Turkey and Armenia are about to restore diplomatic relations. At the very least, they signed a landmark agreement to do so on Oct. 10 in Switzerland–after some tense last-minute wrangling in a Zurich hotel room with Hillary Clinton mediating. An astonishing development. A marvel to see in one’s lifetime, not unlike the fall of the Soviet Union. Two ancient peoples in eternal enmity. Sounds utterly implausible. Ancient hatreds never go away.

That, at any rate, is the narrative–an arguably fraudulent one–that we’ve been fed for several generations. In fact, depending on how you calculate it, Turks and Armenians lived peaceably together for almost 600 years–or almost 900 years–until the 20th century. The calculation depends on whether you date their time together from the Seljuks or the later Ottomans–and where you end the timeline. Either way, it was an epoch or two, possibly an unprecedented achievement. Then, according to the prevailing interpretation, the Turks turned suddenly on their cheek-by-jowl neighbors, unprovoked, and wished to obliterate them from the Earth entirely as a people. It’s possible. Strange things have happened in the annals of genocide, though not after that long a duration of mutual tolerance. If so, why then? What changed?

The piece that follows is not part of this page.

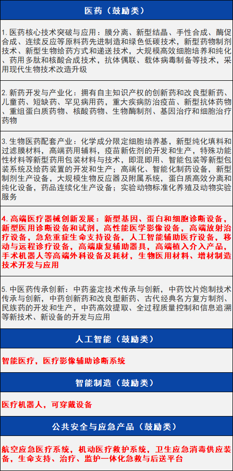 新版目录公布了多项医药(械)产业鼓励类目,其中高端医疗器械创新发展领域被重点鼓励的项目有:

Here you enter into difficult terrain. Because you can easily slip into an alternate viewpoint, one that goes something like this: Turks and Armenians lived in peace until Czarist Russia began to move southward down the Caucasus, purging Muslims downward into Turkish territory–throughout the 19th century. All those fiery Daghestanis, Chechens, Abkhaz, Kurds. Many ended up in Ottoman lands, some say half a million. At one point, Russia actually occupied a whole swath of Turkey, including the provincial capital of Kars, for several decades until World War I ended. The Russians did their conquering explicitly as a Christian Crusade, claiming the complicity of all Eastern Christians (including Armenians) in that part of Turkey, an area seething with displaced Caucasus Muslims and Muslim Kurds. In short, if you are curious about a proximate cause for catastrophic bloodshed, look no further than Russkie provocation–a plausible scenario considering their conduct right up to the present in Georgia–of stirring one ethnicity against another for imperial ends.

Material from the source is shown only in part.